Le gouvernement défend d’avoir « une seule voix » face à la guerre en Ukraine et dément les tensions avec Podemos

L’exécutif s’appuie sur les orientations de l’Union européenne pour justifier sa stratégie centralisée

La porte-parole du ministre, Isabel Rodríguez, ce mardi.
La porte-parole du ministre, Isabel Rodríguez, ce mardi.EFE

Le gouvernement prétend être « cohérent » avec les postulats de l’Union européenne pour justifier que l’Espagne est pratiquement le seul pays européen qui n’envoie pas d’armes offensives bilatéralement à l’Ukraine.

L’exécutif de la coalition s’appuie sur la « force » dont a fait preuve le cadre communautaire avec la stratégie de vaccination pour parier sur la centralisation de l’envoi d’armes vers le territoire ukrainien contre le plan bilatéral d’autres pays et dément les divergences avec United We Can en la matière :  » Le gouvernement a une seule voix. »

Ainsi, le gouvernement de Pedro Sánchez concentre toute sa contribution offensive au conflit en Ukraine sur les 450 millions d’euros qui composent le Fonds européen de soutien à la paix, dont l’Espagne est le quatrième pays qui alloue le plus d’argent. « Bien sûr, il y a un engagement envers l’Ukraine », a assuré mardi la porte-parole de la ministre, Isabel Rodríguez, insistant sur le fait que l’acheminement des livraisons d’armes via l’Union européenne est également une mesure « directe ».

Comme l’a précisé ce mardi le gouvernement, l’Espagne est en ligne avec la feuille de route établie au niveau communautaire ces derniers jours : l’expulsion des banques russes du système Swift, l’interdiction de diffusion des médias liés au gouvernement russe, la fermeture de l’espace aérien aux compagnies aériennes russes et, maintenant, la centralisation des livraisons d’armes à l’Ukraine comme réponse défensive à l’attaque russe. Toujours de manière « coordonnée » avec l’Union européenne.

« union politique »

C’est précisément « l’arme la plus puissante » contre « la guerre de Poutine », dit-on au gouvernement : « l’union politique et sociale ». Ainsi, la ministre porte-parole de l’exécutif, Isabel Rodríguez, a évité de préciser si le refus de l’Espagne d’envoyer des armes directement à l’Ukraine est une condition posée par United We Can au sein du gouvernement, mais plusieurs sources de l’exécutif insistent sur le fait que la position du Le gouvernement est un et qu’il n’y a pas de divergences au sein de l’exécutif avec United We Can.

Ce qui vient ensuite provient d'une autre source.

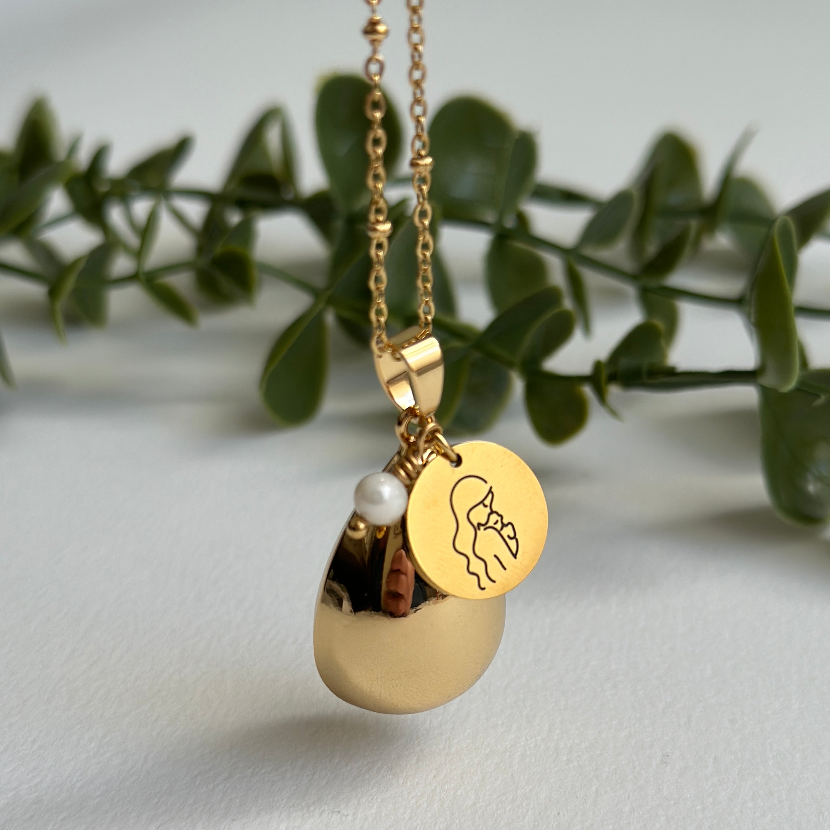 Une fois né, bébé aura cette sensation de sécurité et d’apaisement en entendant à nouveau ce son. Les premiers mois, le pendentif pourra être suspendu au-dessus du berceau de bébé, puis inséré et cousu de manière sécurisé dans son doudou.

Ce lundi, le président du gouvernement, Pedro Sánchez, n’a pas non plus précisé s’il s’agissait d’un veto du violetsqui a critiqué l’envoi d’armes de l’UE et a rejeté une augmentation des dépenses de défense.

Bien sûr, « le gouvernement a une seule voix dans cette affaire », a conclu le porte-parole. Et cette voix est celle qui est atteinte au Conseil des ministres, malgré le fait que de l’extérieur, United We Can, en tant que coalition de partis, critique l’envoi d’armes par l’UE, l’escalade de la guerre qui implique le renforcement de la Défense budget ou l’OTAN est pointé du doigt.

Dans United We Can, en effet, ils sont « satisfaits » de la « prudence » dont a fait preuve jusqu’ici le président du gouvernement et considèrent que c’est le chemin que notre pays doit parcourir, concentré sur la voie diplomatique et qui ne pèse pas l’escalade de la militarisation comme réponse, comme d’autres pays l’ont fait.

Pourtant, la position des violets – retenus de l’intérieur du Conseil des ministres, critiques de l’extérieur en tant que parti – n’aime pas les secteurs de l’exécutif. Ce mardi, justement, la ministre de la Défense, Margarita Robles, a mis en cause « l’ignorance » de United We Can pour son offensive contre l’Otan. Certaines déclarations qui n’ont pas reçu de réponse du côté violet du gouvernement ni n’ont-elles été appréciées par le porte-parole de l’exécutif.